INSTRUCTIONS TO FOLLOW » Keep the images out while you retype all of the data exactly.

RAW DATA »

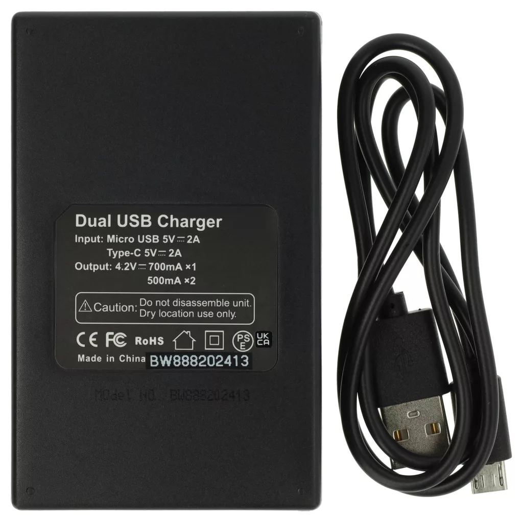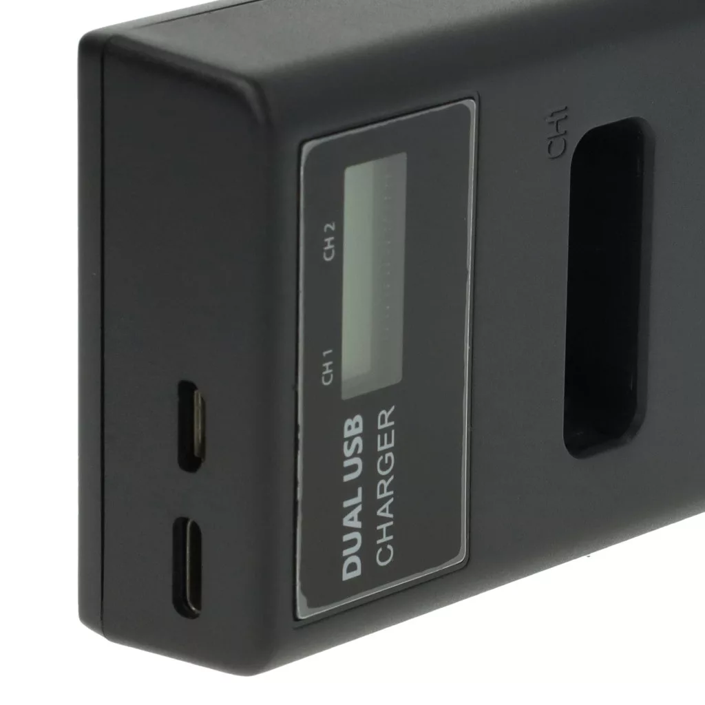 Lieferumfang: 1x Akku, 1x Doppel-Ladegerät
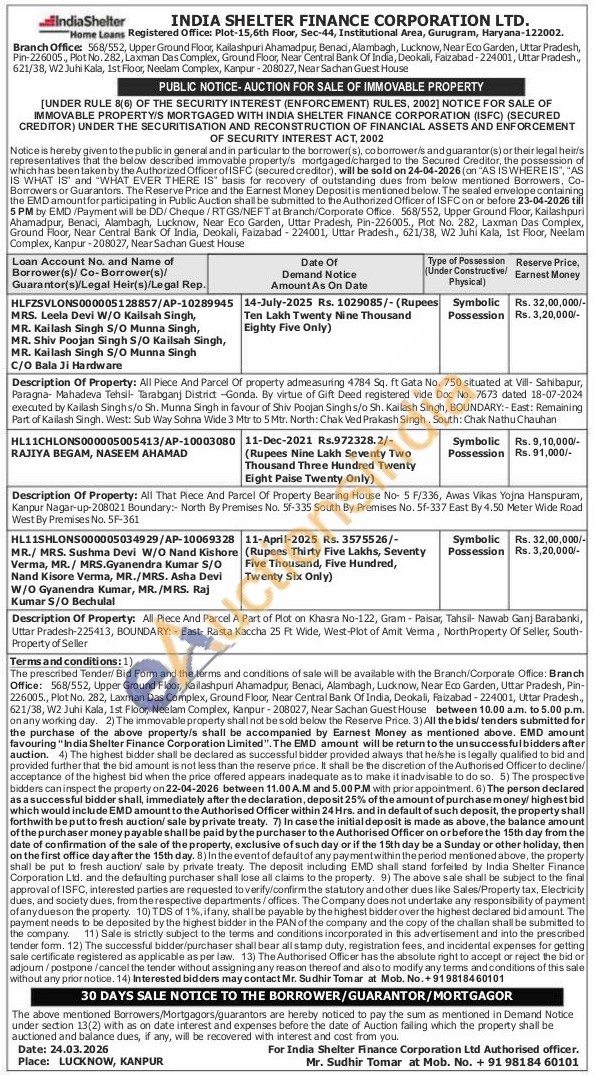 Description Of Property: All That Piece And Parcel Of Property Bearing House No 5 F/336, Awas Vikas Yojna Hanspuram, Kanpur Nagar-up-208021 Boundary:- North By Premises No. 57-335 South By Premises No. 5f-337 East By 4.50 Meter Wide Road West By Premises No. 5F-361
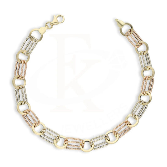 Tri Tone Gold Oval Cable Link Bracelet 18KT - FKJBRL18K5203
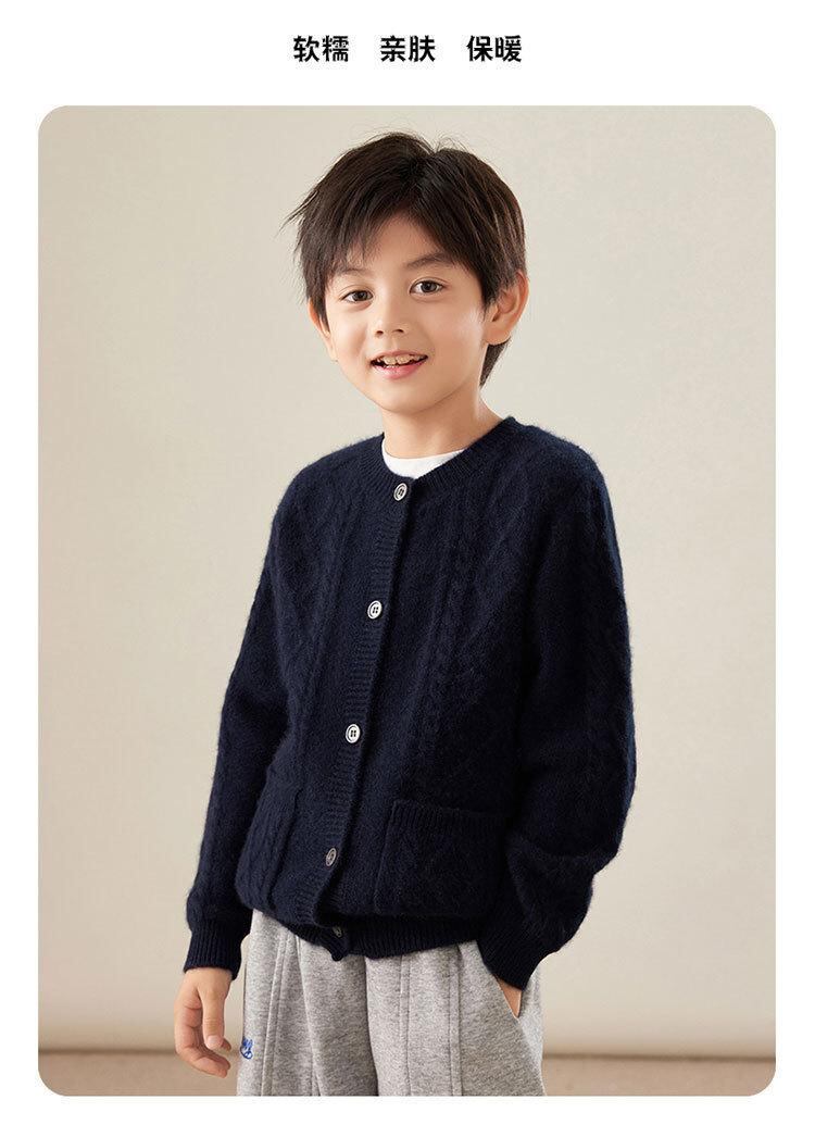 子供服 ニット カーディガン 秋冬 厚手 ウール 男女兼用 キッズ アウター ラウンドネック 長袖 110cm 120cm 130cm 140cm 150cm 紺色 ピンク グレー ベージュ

THE COMPLETED TASK »
 Lieferumfang: 1x Akku, 1x Doppel-Ladegerät
 Description Of Property: All That Piece And Parcel Of Property Bearing House No 5 F/336, Awas Vikas Yojna Hanspuram, Kanpur Nagar-up-208021 Boundary:- North By Premises No. 57-335 South By Premises No. 5f-337 East By 4.50 Meter Wide Road West By Premises No. 5F-361
 Tri Tone Gold Oval Cable Link Bracelet 18KT - FKJBRL18K5203
 子供服 ニット カーディガン 秋冬 厚手 ウール 男女兼用 キッズ アウター ラウンドネック 長袖 110cm 120cm 130cm 140cm 150cm 紺色 ピンク グレー ベージュ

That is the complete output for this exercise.